# anyone tried these as bait



## Guest (Mar 19, 2014)

Had to dig up some retic today and found some beetle grubs. They are about 1.5 inches long , fat and juicy. I fed them to my silver perch and a magpie that was keeping me company. They got snapped up very quickly. Has anyone tried them as bait before, might work well maybe on bream?


----------



## RhubarbTheYeti (Oct 28, 2013)

Mmmmmmmmmmmmm - Corby Grubs


----------



## symo007 (Dec 2, 2013)

Xmas beetle larvae, Very good in freshwater / brackish, just tie them to a hook with a bit of cotton thread otherwise they 'bleed out' to nothing quickly.


----------



## RhubarbTheYeti (Oct 28, 2013)

symo007 said:


> Xmas beetle larvae, Very good in freshwater / brackish, just tie them to a hook with a bit of cotton thread otherwise they 'bleed out' to nothing quickly.

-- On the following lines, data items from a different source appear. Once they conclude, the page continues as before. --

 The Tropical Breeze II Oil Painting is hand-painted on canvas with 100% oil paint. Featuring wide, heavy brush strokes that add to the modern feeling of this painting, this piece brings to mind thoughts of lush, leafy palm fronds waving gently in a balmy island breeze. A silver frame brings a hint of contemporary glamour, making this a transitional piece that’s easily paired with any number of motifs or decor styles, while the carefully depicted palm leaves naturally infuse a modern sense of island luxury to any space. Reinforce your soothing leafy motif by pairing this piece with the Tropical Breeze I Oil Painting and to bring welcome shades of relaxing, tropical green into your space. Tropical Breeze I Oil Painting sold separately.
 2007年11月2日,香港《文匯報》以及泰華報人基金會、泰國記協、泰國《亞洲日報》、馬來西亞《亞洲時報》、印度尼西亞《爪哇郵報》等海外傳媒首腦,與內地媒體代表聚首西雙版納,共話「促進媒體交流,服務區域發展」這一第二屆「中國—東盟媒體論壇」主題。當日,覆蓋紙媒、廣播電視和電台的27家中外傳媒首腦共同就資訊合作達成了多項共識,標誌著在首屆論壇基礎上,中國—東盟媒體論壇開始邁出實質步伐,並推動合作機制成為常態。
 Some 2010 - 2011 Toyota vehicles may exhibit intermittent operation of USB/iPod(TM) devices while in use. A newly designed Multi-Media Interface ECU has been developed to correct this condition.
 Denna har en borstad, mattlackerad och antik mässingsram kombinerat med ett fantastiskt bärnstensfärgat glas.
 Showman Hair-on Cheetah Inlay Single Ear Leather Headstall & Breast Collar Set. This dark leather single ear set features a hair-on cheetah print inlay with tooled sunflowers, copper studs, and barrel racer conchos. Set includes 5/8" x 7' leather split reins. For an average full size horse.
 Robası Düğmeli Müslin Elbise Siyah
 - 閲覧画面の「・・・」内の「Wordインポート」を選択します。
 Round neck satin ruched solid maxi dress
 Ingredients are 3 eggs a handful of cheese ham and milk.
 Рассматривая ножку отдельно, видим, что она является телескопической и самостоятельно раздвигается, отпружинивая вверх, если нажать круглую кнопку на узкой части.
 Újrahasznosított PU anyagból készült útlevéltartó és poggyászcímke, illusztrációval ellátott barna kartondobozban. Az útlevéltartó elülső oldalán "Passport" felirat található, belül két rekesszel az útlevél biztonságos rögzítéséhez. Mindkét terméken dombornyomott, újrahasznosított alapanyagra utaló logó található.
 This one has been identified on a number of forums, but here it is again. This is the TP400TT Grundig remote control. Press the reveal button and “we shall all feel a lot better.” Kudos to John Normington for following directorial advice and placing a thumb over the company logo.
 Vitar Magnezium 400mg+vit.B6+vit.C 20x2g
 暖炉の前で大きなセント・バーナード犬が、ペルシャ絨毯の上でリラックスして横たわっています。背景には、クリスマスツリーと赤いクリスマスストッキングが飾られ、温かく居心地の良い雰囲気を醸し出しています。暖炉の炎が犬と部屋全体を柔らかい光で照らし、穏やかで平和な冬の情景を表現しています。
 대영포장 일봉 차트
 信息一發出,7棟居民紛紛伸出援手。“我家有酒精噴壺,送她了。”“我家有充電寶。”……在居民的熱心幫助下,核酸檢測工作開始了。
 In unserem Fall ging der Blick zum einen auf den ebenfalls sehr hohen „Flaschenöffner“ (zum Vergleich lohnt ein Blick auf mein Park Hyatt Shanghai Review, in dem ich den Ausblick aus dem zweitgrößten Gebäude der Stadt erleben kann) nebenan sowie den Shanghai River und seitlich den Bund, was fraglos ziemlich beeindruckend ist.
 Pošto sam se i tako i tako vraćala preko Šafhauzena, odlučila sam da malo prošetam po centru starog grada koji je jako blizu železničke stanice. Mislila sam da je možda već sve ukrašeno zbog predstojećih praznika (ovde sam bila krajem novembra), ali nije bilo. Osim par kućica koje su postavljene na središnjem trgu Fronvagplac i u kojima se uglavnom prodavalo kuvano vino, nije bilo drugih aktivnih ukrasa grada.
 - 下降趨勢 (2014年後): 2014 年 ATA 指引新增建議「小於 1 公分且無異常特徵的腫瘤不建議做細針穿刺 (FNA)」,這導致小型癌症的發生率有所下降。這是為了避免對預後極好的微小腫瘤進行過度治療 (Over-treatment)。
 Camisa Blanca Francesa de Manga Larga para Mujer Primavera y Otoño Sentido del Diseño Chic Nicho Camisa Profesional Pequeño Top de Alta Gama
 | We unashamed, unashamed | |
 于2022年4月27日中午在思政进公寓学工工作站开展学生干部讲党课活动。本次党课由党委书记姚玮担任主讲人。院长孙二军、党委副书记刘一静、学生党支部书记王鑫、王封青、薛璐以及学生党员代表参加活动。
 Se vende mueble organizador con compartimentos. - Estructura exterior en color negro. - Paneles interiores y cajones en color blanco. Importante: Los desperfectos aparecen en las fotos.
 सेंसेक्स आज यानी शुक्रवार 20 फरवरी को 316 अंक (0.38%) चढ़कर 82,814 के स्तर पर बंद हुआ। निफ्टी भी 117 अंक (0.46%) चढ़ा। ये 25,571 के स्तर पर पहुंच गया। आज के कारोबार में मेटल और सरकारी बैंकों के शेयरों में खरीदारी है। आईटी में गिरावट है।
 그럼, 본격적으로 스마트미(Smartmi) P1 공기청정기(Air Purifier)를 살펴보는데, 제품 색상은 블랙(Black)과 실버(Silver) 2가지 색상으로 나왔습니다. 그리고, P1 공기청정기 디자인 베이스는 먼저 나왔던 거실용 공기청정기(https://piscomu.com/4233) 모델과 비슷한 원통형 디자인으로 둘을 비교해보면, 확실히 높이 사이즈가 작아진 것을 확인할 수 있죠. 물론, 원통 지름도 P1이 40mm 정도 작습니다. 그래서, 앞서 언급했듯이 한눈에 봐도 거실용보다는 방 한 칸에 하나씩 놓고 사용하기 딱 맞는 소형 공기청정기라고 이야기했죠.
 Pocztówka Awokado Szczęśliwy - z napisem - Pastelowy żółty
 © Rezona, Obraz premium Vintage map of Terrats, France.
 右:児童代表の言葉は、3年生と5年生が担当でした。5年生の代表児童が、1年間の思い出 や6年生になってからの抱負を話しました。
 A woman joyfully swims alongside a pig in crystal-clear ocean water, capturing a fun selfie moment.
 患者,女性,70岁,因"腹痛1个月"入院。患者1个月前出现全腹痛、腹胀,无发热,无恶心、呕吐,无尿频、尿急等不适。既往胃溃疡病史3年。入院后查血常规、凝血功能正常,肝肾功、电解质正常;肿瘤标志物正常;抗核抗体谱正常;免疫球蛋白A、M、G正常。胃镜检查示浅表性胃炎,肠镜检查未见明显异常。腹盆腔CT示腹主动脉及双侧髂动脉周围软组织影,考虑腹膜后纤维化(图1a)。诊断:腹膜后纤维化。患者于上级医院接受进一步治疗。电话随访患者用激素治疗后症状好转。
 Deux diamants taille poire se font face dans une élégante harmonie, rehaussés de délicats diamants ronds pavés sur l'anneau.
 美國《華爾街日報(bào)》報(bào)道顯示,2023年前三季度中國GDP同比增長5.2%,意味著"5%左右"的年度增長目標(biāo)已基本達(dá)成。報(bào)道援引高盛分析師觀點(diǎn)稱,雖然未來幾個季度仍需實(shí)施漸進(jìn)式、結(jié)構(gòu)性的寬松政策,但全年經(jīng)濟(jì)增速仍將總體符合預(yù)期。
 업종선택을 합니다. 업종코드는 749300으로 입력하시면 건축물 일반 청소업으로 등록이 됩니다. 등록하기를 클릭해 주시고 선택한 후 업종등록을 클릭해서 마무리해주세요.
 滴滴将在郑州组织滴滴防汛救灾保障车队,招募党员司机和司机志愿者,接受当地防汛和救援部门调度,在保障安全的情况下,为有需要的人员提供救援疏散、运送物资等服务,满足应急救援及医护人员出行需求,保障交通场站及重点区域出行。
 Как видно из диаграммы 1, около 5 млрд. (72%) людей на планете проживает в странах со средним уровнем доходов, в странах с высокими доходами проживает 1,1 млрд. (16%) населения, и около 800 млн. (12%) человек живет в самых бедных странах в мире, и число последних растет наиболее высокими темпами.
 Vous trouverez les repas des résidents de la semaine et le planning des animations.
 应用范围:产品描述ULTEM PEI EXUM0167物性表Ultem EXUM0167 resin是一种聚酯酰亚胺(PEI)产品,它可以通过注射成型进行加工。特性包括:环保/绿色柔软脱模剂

Agree totally about them bleeding out, but as to identity of beetle - Impossible to say, all beetle grubs look pretty much the same and there are more species of beetle out there than any other invertebrate


----------



## Barrabundy (Sep 29, 2008)

Kill them all!

http://www.australiansugarcane.com.au/B ... eyback.pdf


----------



## RhubarbTheYeti (Oct 28, 2013)

Barrabundy said:


> Kill them all!
> 
> http://www.australiansugarcane.com.au/B ... eyback.pdf


What about Dung Beetles - without them we would have even more flies than we do already! Like so many insects, for the ones that are serious pests, there are so many more that are valuable parts of our ecosystems.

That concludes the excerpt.